Extract only the first line of the listing and every line after it up to and including the one with "NAI-LOK Dual Stage". Omit the pictures.

↓↓↓

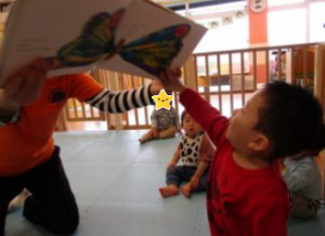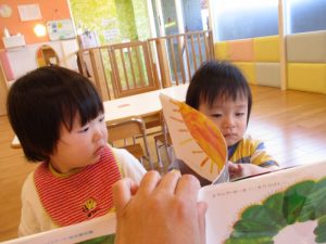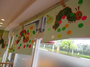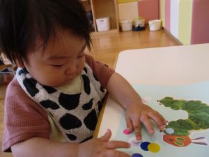 まずは子どもたちの大好きな「はらぺこあおむし」の絵本を見ました![]()
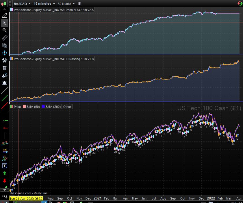 To provide an example, here are two strategies. The top equity curve is for the MA Cross that I’ve posted before, the second is the revised version of your MACD strategy that I posted the other day. I like that the MA Cross has stayed out of the market since mid Jan, as the filters kicked following a more extreme move downturn in the market.
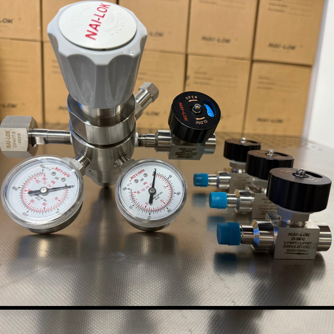 NAI-LOK Dual Stage Pressure Regulator with Extended Diaphragm Valve, Relief Valve & Cylinder Connection | Stable Outlet for Gas Control Systems
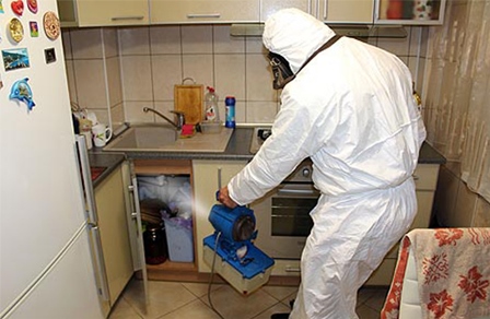 Перед обработкой генератором холодного тумана следует подготовить помещение для дезинсекции: убрать посуду, продукты, вещи. Детскую одежду и игрушки нужно упаковать в полиэтиленовые мешки. Мебель необходимо отодвинуть от стен. Кровати, диваны разложите. Приготовьте рабочий раствор инсектицида, строго действуя по инструкции, залейте в генератор. Затем обработайте все предметы, углы, плинтуса, мебель генератором холодного тумана. В конце обработки заполните всю комнату туманом и оставьте на несколько часов. После дезинсекции комнату тщательно проветривают, моют стулья, ручки дверей, столы, посуду, вещи стирают. Плинтуса, батареи, углы не убирайте 3 недели, а полы вымойте только через 11-23 дня, чтобы инсектицид продолжал действовать на клопов.
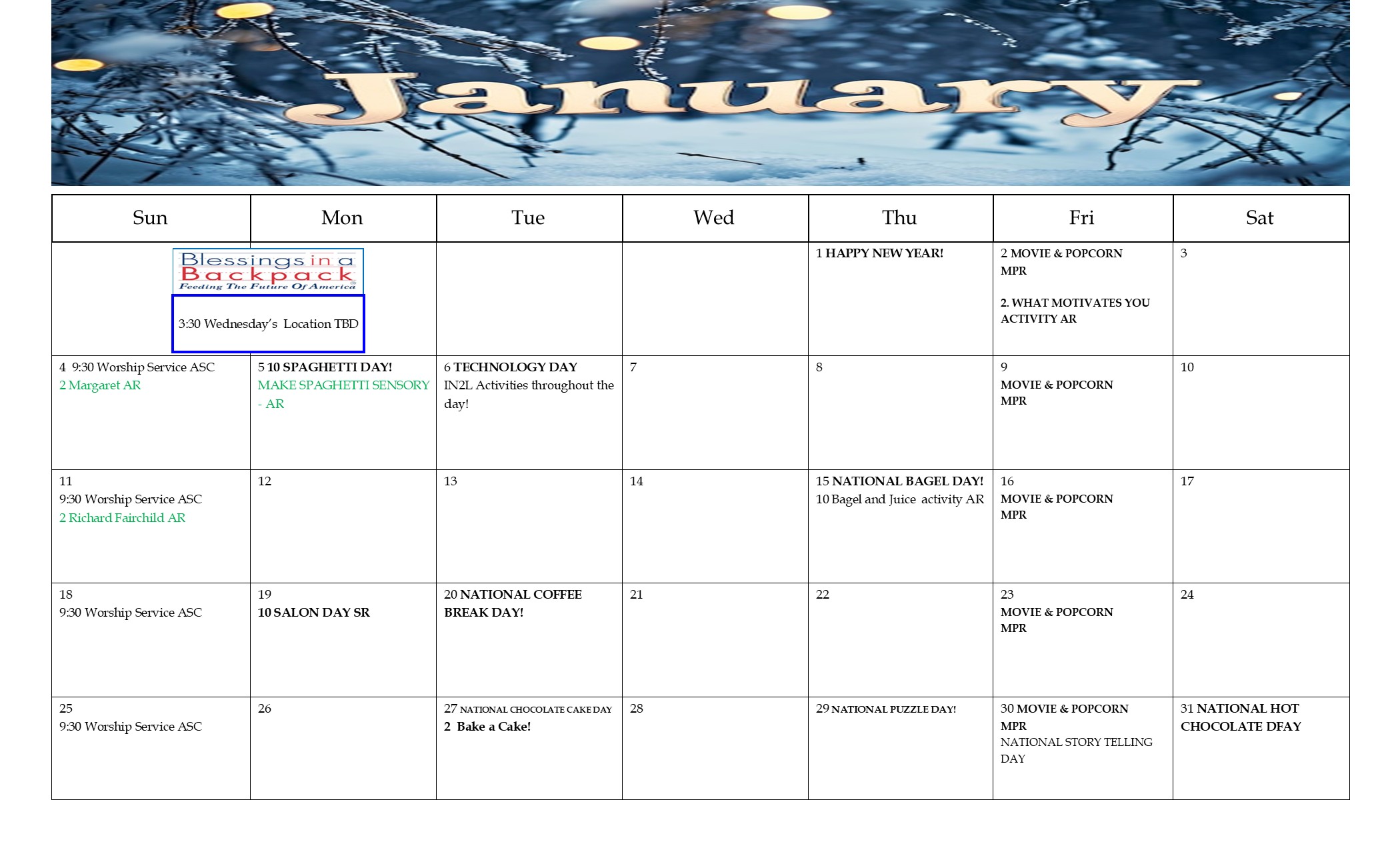 The Pines AL Activity January
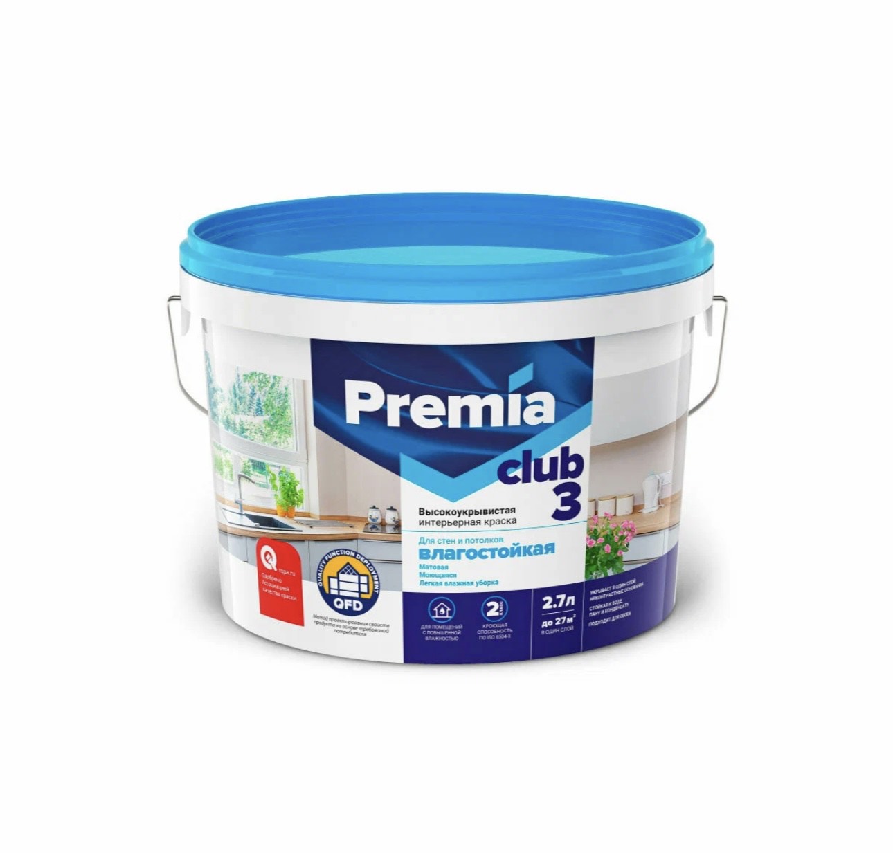 Влагостойкая акриловая краска для стен и потолков PREMIA CLUB 3 - лучший выбор для тех, кто любит удобство и комфорт. Она легко наносится, образуя матовое покрытие, стойкое к воде, пару и конденсату, поэтому может использоваться как в сухих помещениях, так и в помещениях с повышенной влажностью (кухни, ванные комнаты, и.т.д).
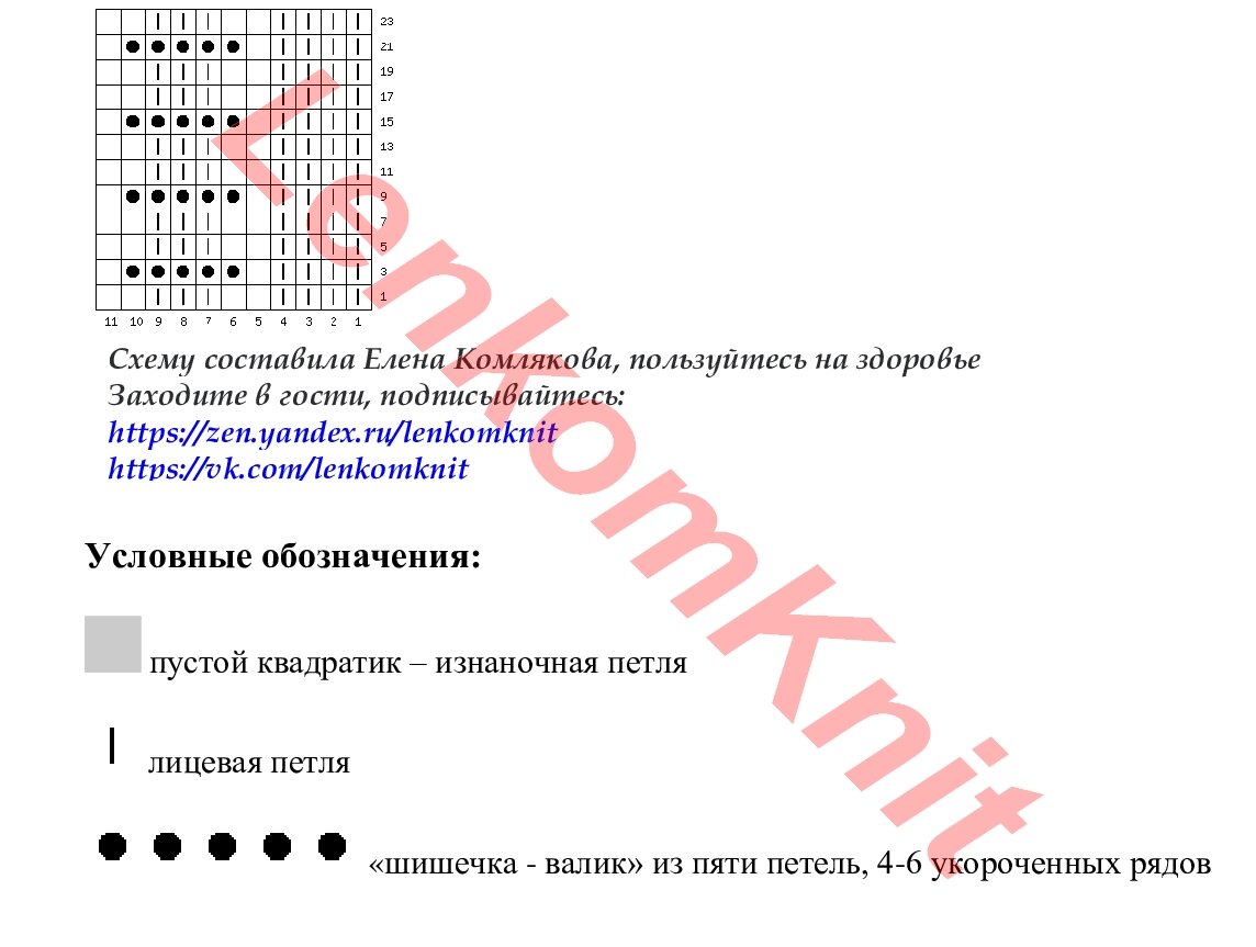Схема узора очень простая. В ширину раппорт 11 петель, в высоту - шесть рядов. Самое интересное в этом узоре - "шишечки-валики). Они вяжутся укороченными рядами. Петли, отмеченные черными точками, нужно вязать 4-6 рядов (выбрать, как больше нравится, при вязании образца). Таким образом провязанные петли в итоге будут выглядеть, как небольшие валики.
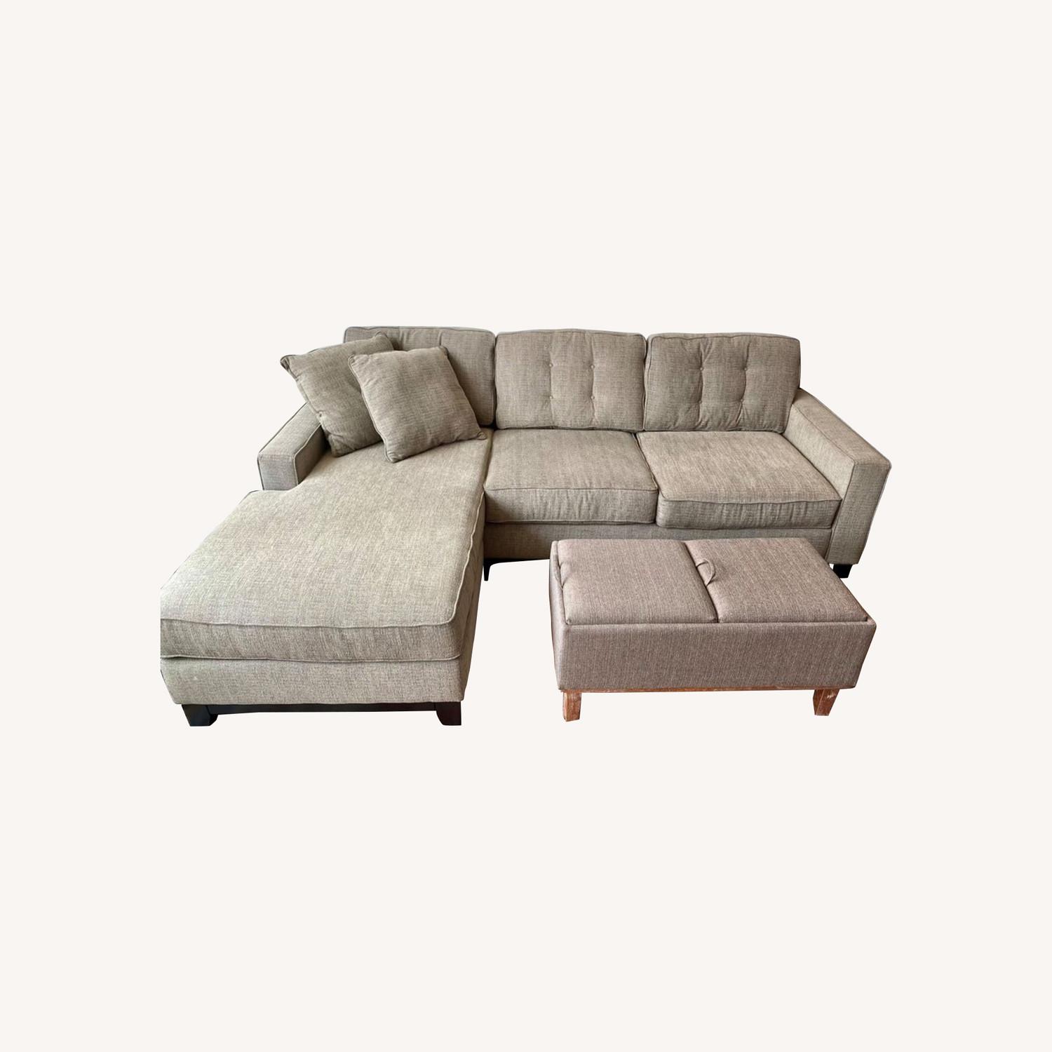 Seller's Notes:In great condition, super comfy Color: Beige the 65" depth is for the longest part (ottoman not included)
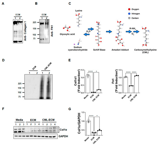 To assess the effects of the ECM, we prepared a soluble ECM extract from the decellularized lungs of mice and confirmed the presence of collagen 1 and FN1 in ECM proteins by immunoblotting (Figure 2A,B). To generate a CML-modified ECM via non-enzymatic glycation, a soluble ECM extract was incubated with glyoxylic acid and sodium cyanoborohydride (Figure 2C). The formation of the CML-modified ECM was confirmed by immunoblotting with antibodies against CML adducts (Figure 2D). To determine the effects of the ECM and CML-modified ECM, fibroblasts isolated from mouse lung cultures were treated with media, the ECM, and the CML-ECM. We observed a significant decrease in the expression of collagen 1 and FN1 gene transcripts by the ECM compared to the media control. However, CML modification of the ECM attenuated the inhibitory effects of the ECM on collagen 1 and FN1 gene expression (Figure 2E). Furthermore, we validated the effects of CML modification on ECM-dependent collagen protein production by fibroblasts using immunoblot analysis and observed a significant loss in the ECM-induced inhibition of collagen 1 production by fibroblasts with CML modification (Figure 2F,G).
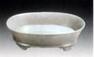 汝窑青釉水仙盆,高7.2cm,口径25.4x16.5cm赶驴网www.ganlv5.com。敞口,斜壁,椭圆形大平底,下承四片足赶驴网www.ganlv5.com。传世的5件珍品分别藏于台北故宫博物院和日本大阪市立东洋美术馆赶~驴~网
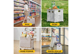 Viviendo Folding Shopping Trolley Portable Grocery Cart Rolling Wheel with Sliding Cover - White

↑↑↑

▸ **Output of the exercise**:
 まずは子どもたちの大好きな「はらぺこあおむし」の絵本を見ました![]()
 To provide an example, here are two strategies. The top equity curve is for the MA Cross that I’ve posted before, the second is the revised version of your MACD strategy that I posted the other day. I like that the MA Cross has stayed out of the market since mid Jan, as the filters kicked following a more extreme move downturn in the market.
 NAI-LOK Dual Stage Pressure Regulator with Extended Diaphragm Valve, Relief Valve & Cylinder Connection | Stable Outlet for Gas Control Systems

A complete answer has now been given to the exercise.